● **Task**
All pictures must be left out as you transcribe the lines from the first line of the data to the line containing "Eber Bunker 2: a: Britain", both included.

[Dataset records]
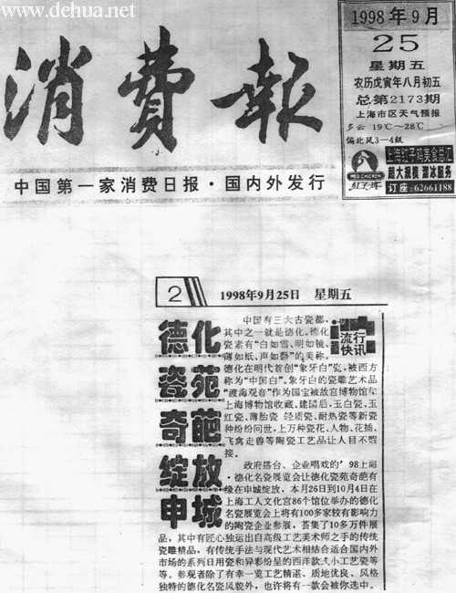 政府搭臺、企業(yè)唱戲的’98上海·德化名瓷展覽會讓德化瓷苑奇葩有緣在申城綻敬,本月26日到l0月4日在上海工人文化宮86個館位舉辦的德化名瓷展覽會上將有100多家較有影響力的陶瓷企業(yè)參展,薈集了lO多萬件展品,其中有匠心獨運出自高級工藝美術師之手的傳統(tǒng)瓷雕精品,有傳統(tǒng)手法與現(xiàn)代藝術相結合適合國內(nèi)外市場的系列日用瓷和異彩紛呈的西洋款式小工藝瓷等等。參觀者除了有幸一覽工藝精湛、質(zhì)地優(yōu)良、風格獨特的德化藝名瓷風貌外,也許將有一款會被你選中。
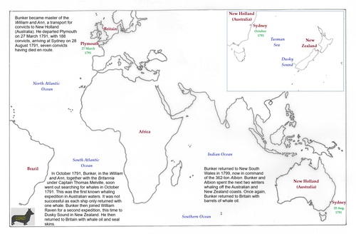 Eber Bunker 2: a: Britain to New Holland; b: Tasman Sea
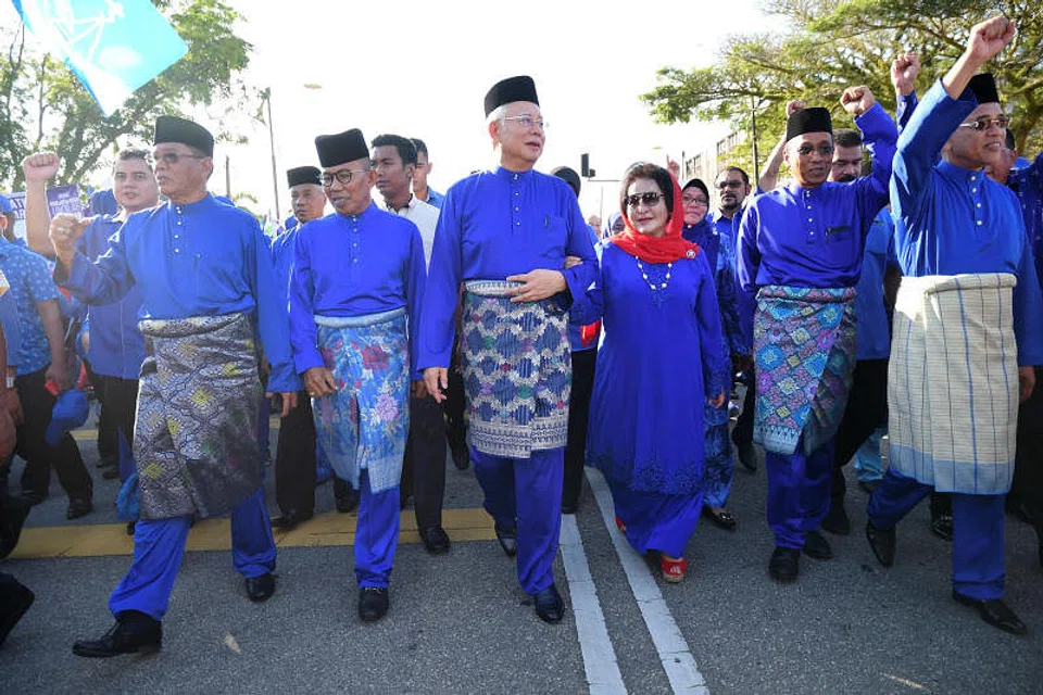 His supporters gathered and sang the national anthem, while waving blue banners - the colour of the ruling coalition - that read "we choose BN".
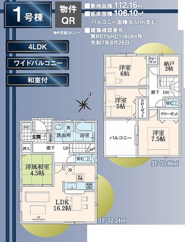 | 間取り | 4LDK 間取り内訳:リビングダイニングキッチン 16.2帖(1階)・和室 4.5畳(1階)・洋室 5帖(2階)・洋室 6帖(2階)・洋室 7.5帖(2階) |
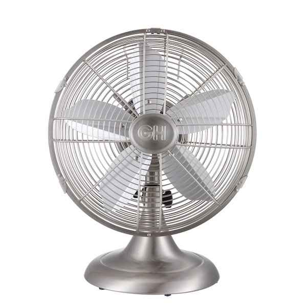 12in Retro Table Fan in Brushed NIckel finish
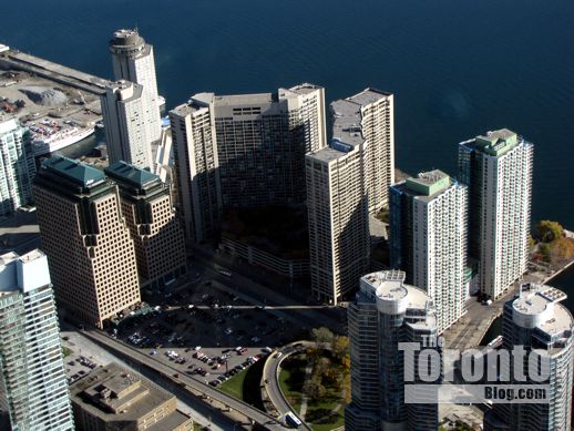 November 2 2010: This photo, taken from the CN Tower, shows the parking lot area where the RBC WaterPark Place tower is currently under construction

● **Written answer**
 政府搭臺、企業(yè)唱戲的’98上海·德化名瓷展覽會讓德化瓷苑奇葩有緣在申城綻敬,本月26日到l0月4日在上海工人文化宮86個館位舉辦的德化名瓷展覽會上將有100多家較有影響力的陶瓷企業(yè)參展,薈集了lO多萬件展品,其中有匠心獨運出自高級工藝美術師之手的傳統(tǒng)瓷雕精品,有傳統(tǒng)手法與現(xiàn)代藝術相結合適合國內(nèi)外市場的系列日用瓷和異彩紛呈的西洋款式小工藝瓷等等。參觀者除了有幸一覽工藝精湛、質(zhì)地優(yōu)良、風格獨特的德化藝名瓷風貌外,也許將有一款會被你選中。
 Eber Bunker 2: a: Britain to New Holland; b: Tasman Sea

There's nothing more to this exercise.